You can, however, enable time $O(1)$ deletion of minimum and maximum by threading the tree, that is maintaining -- in addition to the binary search tree -- a double-linked list in in-order. Then, finding the new minimum/maximum is possible in time $O(1)$. This list requires additional space (two pointers per entry) and has to be maintained during insertions and deletions; this does not make the asymptotics worse but certainly slows down every such operation (I leave the details to you). So you have to trade-off the options given your application, that is which operations occur more often and which you want to be fastest.

Note that trees, as all linked structures, tend to be bad for memory hierarchies since they don't necessarily preserve data locality. If your sets are so large that they don't fit into cache completely, you should check out B-trees which are designed to minimise page loads. The above works with them, too.

Raphael
  • 73,212
  • 30
  • 182
  • 400
4

The name for the abstract data structure that you're interested in is a "double-ended priority queue" or sometimes "priority deque".

A min-priority queue, as you probably know, is an abstract data structure which supports the following set of operations:

  • insert (add an item)
  • findMin (find the item with the smallest value)
  • deleteMin (remove the item with the smallest value)

This is the minimal set; other typical operations may include:

  • delete (remove any item)
  • decreaseKey (alter an item so that its key is smaller)
  • merge (merge two priority queues into one)

For the purpose of time analysis, it is usually assumed that all you have to compare keys is a binary comparison operator. You can also dually define a max-priority queue, where you're interested in the largest value rather than the smallest, by simply inverting the sense of the comparison operator.

A double-ended priority queue is one that supports querying and efficiently removing the minimum or maximum value.
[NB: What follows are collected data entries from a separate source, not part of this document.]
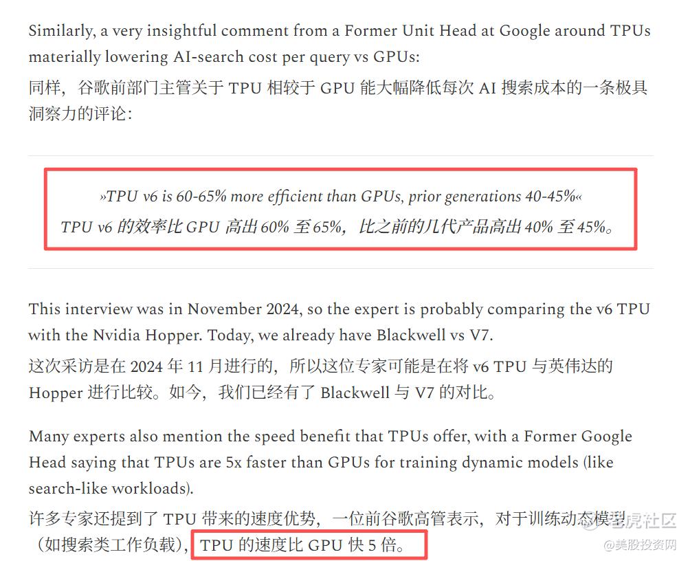 更关键的是,美股投资网获悉,谷歌已经把 TPU 带进了高频交易公司、银行、国防部门 这些安全要求最严格的场景。能够在这些体系中本地落地,并通过最严苛的安全审查,这就意味着 TPU 已经跨过了 GPU 长期难以跨越的门槛:数据隔离、超低延迟、可审计性和主权安全。
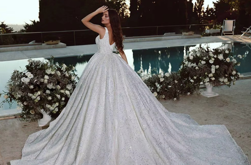 Ball line wedding dress Euphemia with sweetheart neckline pearls sequins and train
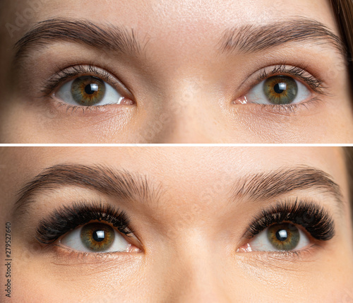 © artem_goncharov, Obraz premium Kolaż porównujący oczy klienta z Lashmakerem
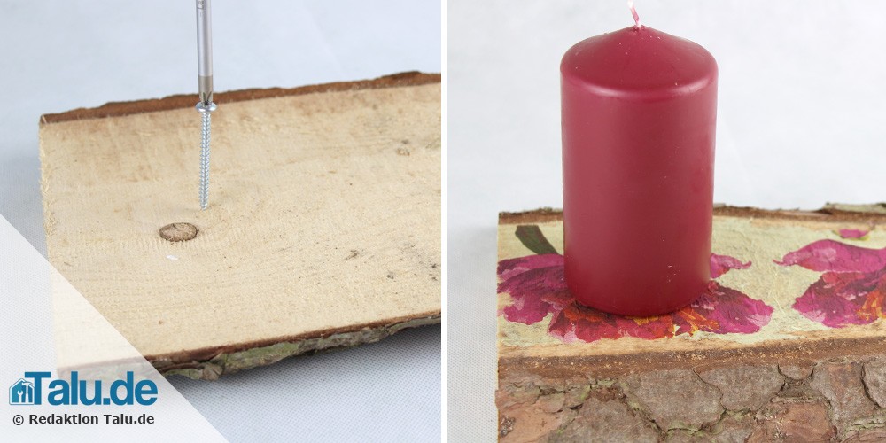 Schritt 2 – Drehen Sie eine passende Schraube durch das Loch. Anschließend drehen Sie die Stumpenkerze auf die Schraube, sodass sie sicher und stabil hält.
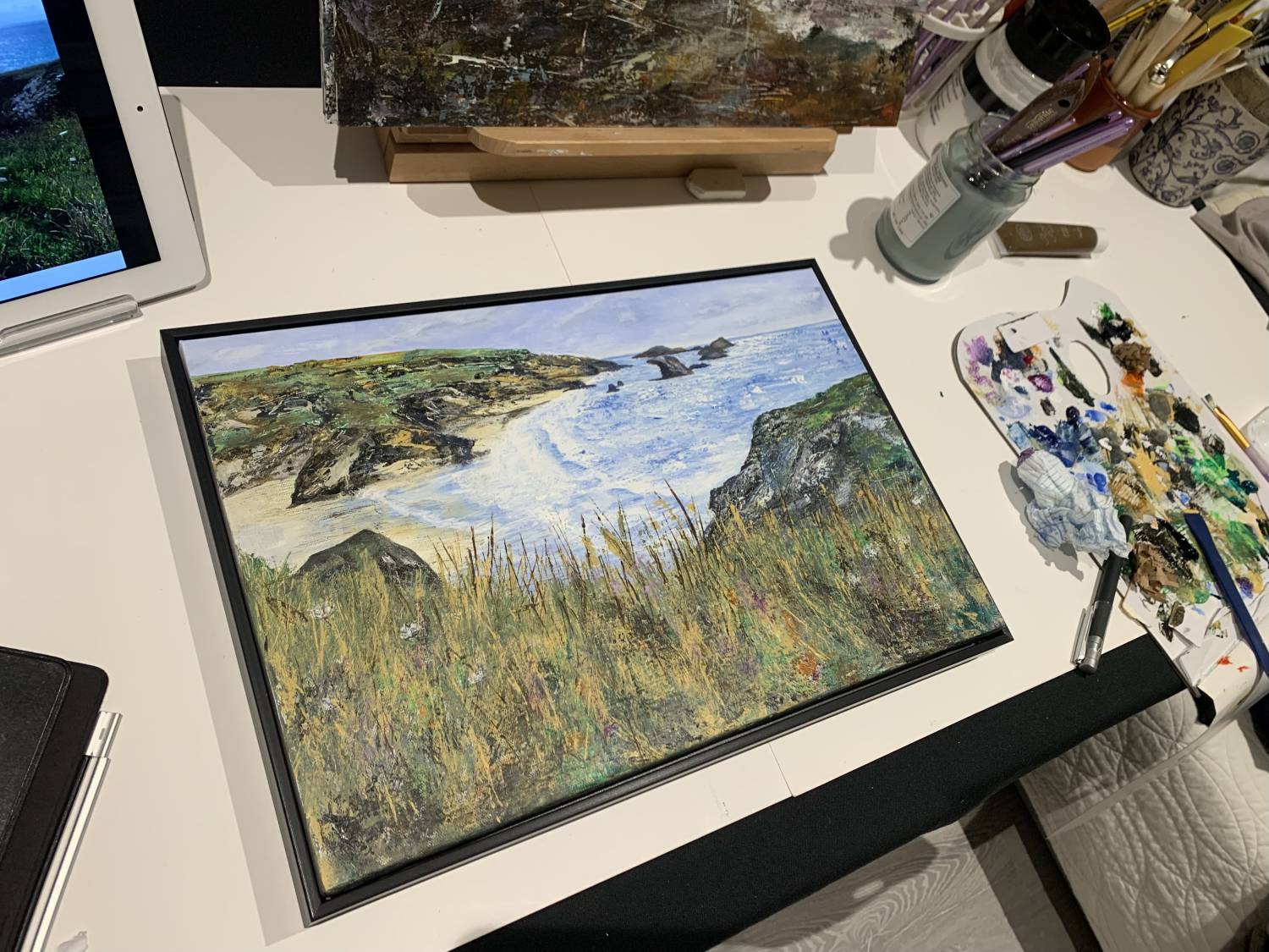 Previous Next Paintings Previous work Next work Porthcothan Painting Acrylic on canvas framed 28 x 41 x 3 cms (11.02 x 16.14 x 1.18 ins) Ref: 658085 £ 120.00 Enquire about this item View over Porthcothan bay from the South West Coastal Path.
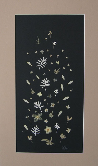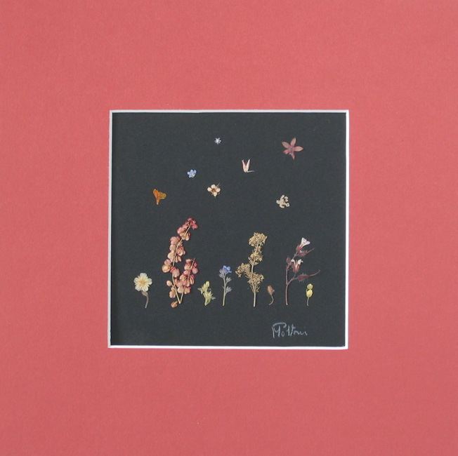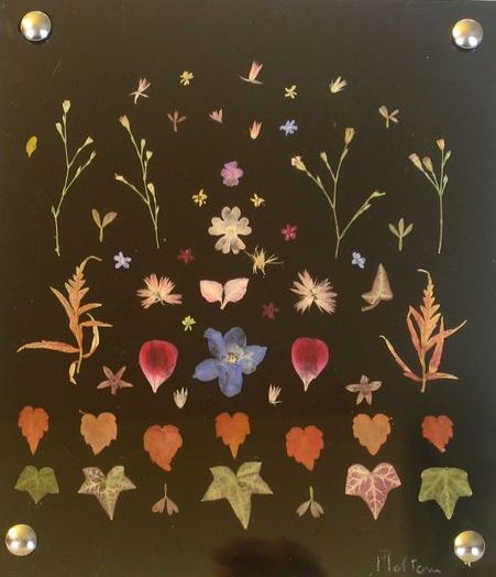 composition created with dried flowers, between two black plexiglass sheets, natural colors |
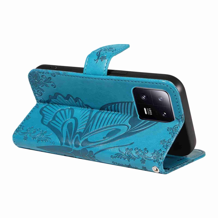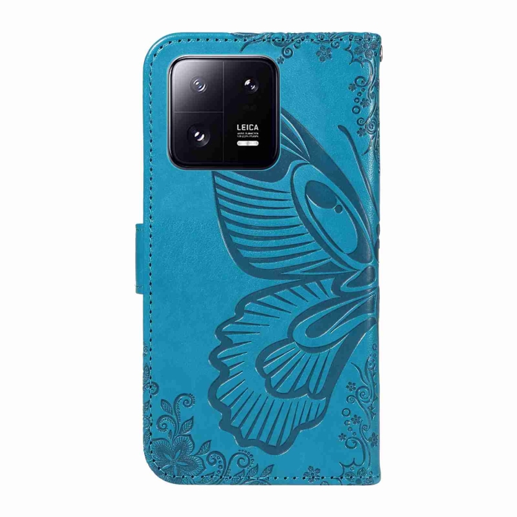 Para Xiaomi 13 Pro Swallowtail Butterfly Funda de Teléfono de Cuero En Relieve (Azul)
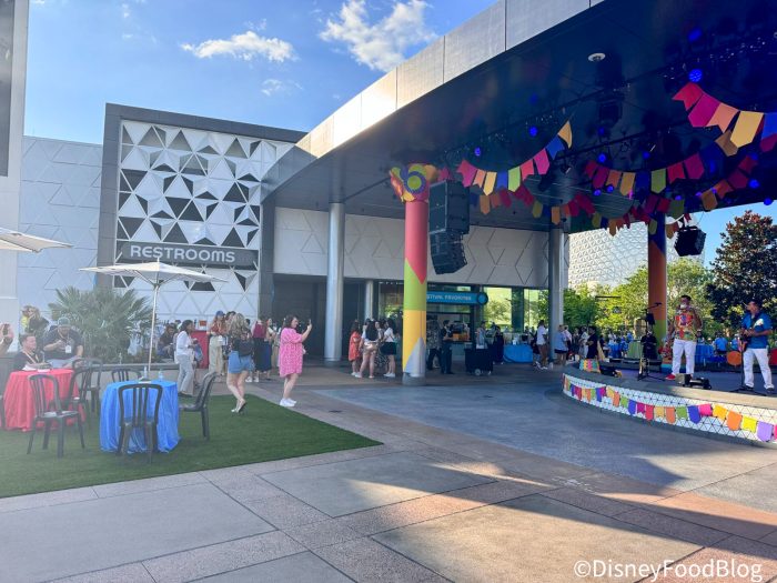 We also spotted EPCOT’s newest bathrooms within the CommuniCore Hall building. We love how hidden they look against the rest of the vibrant design in a deeper navy and light blue contrast…
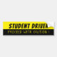 A yellow and black bumper sticker for driving school to warn other vehicles that there is a student driver at the wheel . The main text is written in bold black letters , and simply states "Student Driver" . The secondary text reads " Proceed with caution !" in thinner yellow letters . You can modify both of those texts if you wish .
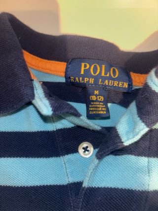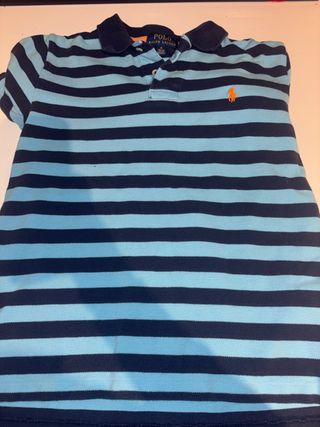 Polo de manga corta con rayas azules y marino. - Cuello clásico. - Logo de caballo naranja bordado en el pecho. - Cierre de dos botones.
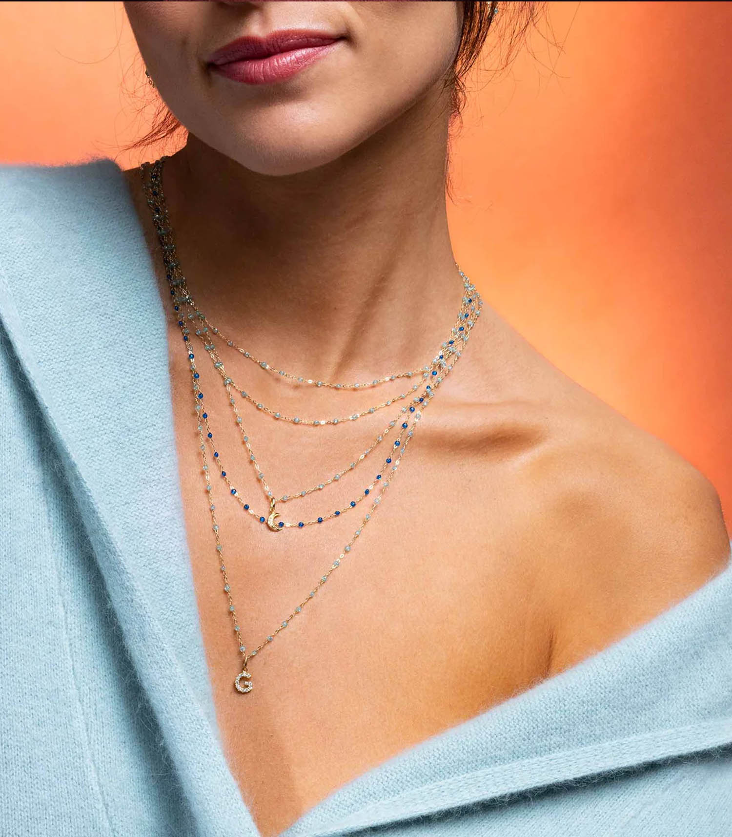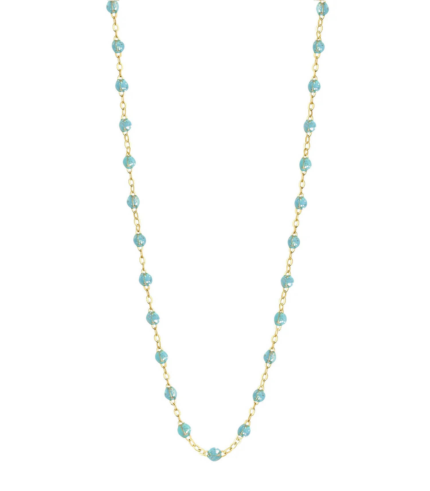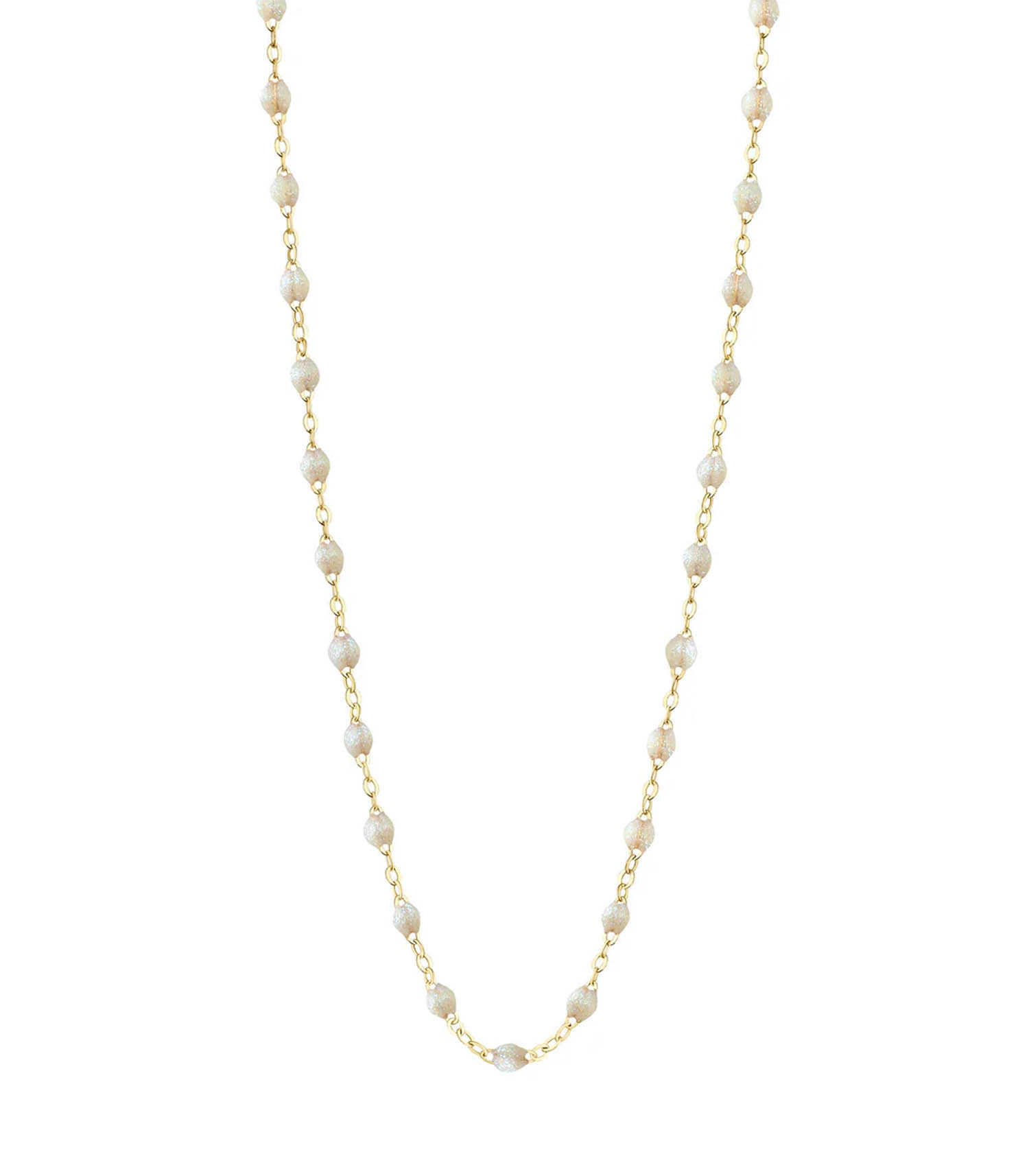 Indisponible en stockCe collier en or jaune 18 carats et perles de résine Gigi Clozeau est un indispensable à porter en toutes circonstances.

If I'm reading you correctly, this is the set of operations that you definitely want, along with their time complexities:

  • insert - better than O(n)
  • findMin - O(1)
  • findMax - O(1)
  • deleteMin - better than O(n)
  • deleteMax - better than O(n)

and there is one operation that you possibly want:

  • delete - better than O(n)

I'm going to ignore this operation because it complicates things. To delete an arbitrary item, you must locate an arbitrary item. Some priority queue data structures (e.g. Fibonacci heaps) support the concept of a "location" (like an iterator in C++) which stays valid no matter what modifications you do to the queue (apart from deleting the item in question, obviously), but many do not, because items can move around in the data structure. If you really need this operation, then a variant of binary search trees which supports findMin and findMax in constant time is probably what you need. This turns out to be a very simple and pleasant exercise in algebra; see [1]‎ for details, including Haskell source code.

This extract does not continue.